Here are the formulas used to estimate $$$a$$$ and $$$b$$$ :

$$$\hat{a}=\frac{s_{X,Y}}{s^2_X} \ \ \ \ \ \text{et}\ \ \ \ \ \hat{b}=\overline{y}-\hat{a}\overline{x}$$$

Why are there circumflexes over the $$$a$$$ and the $$$b$$$ ?

This is an estimating convention. It is thought that you can’t directly access your consumer behavior, characterized by $$$a$$$ and $$$b$$$ , but that you can estimate your behavior using your receipts. Estimates of $$$a$$$ and $$$b$$$ are therefore written $$$\hat{a}$$$ and $$$\hat{b}$$$ ̂ .

If we added a new receipt to the sample, $$$\hat{a}$$$ and $$$\hat{b}$$$ ̂ would vary somewhat, even if your consumer behavior didn’t change (that is, even if $$$a$$$ and $$$b$$$ “didn’t move”).

How do we estimate $$$a$$$ and $$$b$$$ in the code?

See below. The code here is a little complicated, but remember that line 6 creates the variables a and b that contain the estimates.

import statsmodels.api as sm

Y = groceries['amount']
X = groceries[['wait']]
X = X.copy() # X will be modified, so a copy is created
X['intercept'] = 1.
result = sm.OLS(Y, X).fit() # OLS = Ordinary Least Squares 
a,b = result.params['wait'],result.params['intercept']

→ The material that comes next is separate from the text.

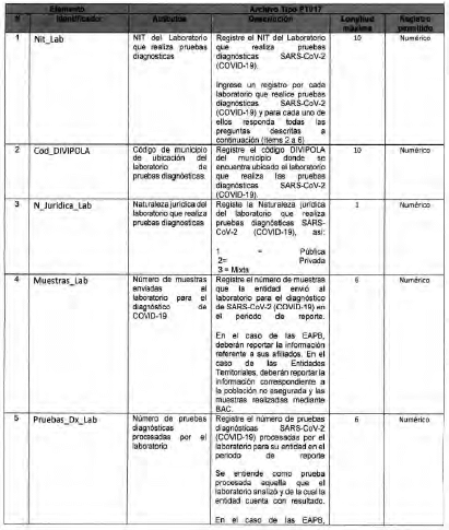 Anexo Técnico Archivo tipo PT017 - Reporte de pruebas diagnosticas por laboratotio

To display the line, proceed as follows:

plt.plot(groceries.wait,groceries.amount, "o")
plt.plot(np.arange(15),[a*x+b for x in np.arange(15)])
plt.xlabel("wait")
plt.ylabel("amount")
plt.show()

Line 1 displays the scatter plot.

On line 2, np.arange creates a list of whole numbers from 0 to 14: [0,1,2,3,4,5,6,7,8,9,10,11,12,13,14] .

We place this list on the X-axis. We calculate the ordinates for each of these 15 values using the formula y=ax+b: [a*x+b for x in np.arange(15)] . In so doing, we create a series of points, all of which line up around the straight line of the equation y=ax+b. Line 2 displays all of these points, arranging them in a nice little line!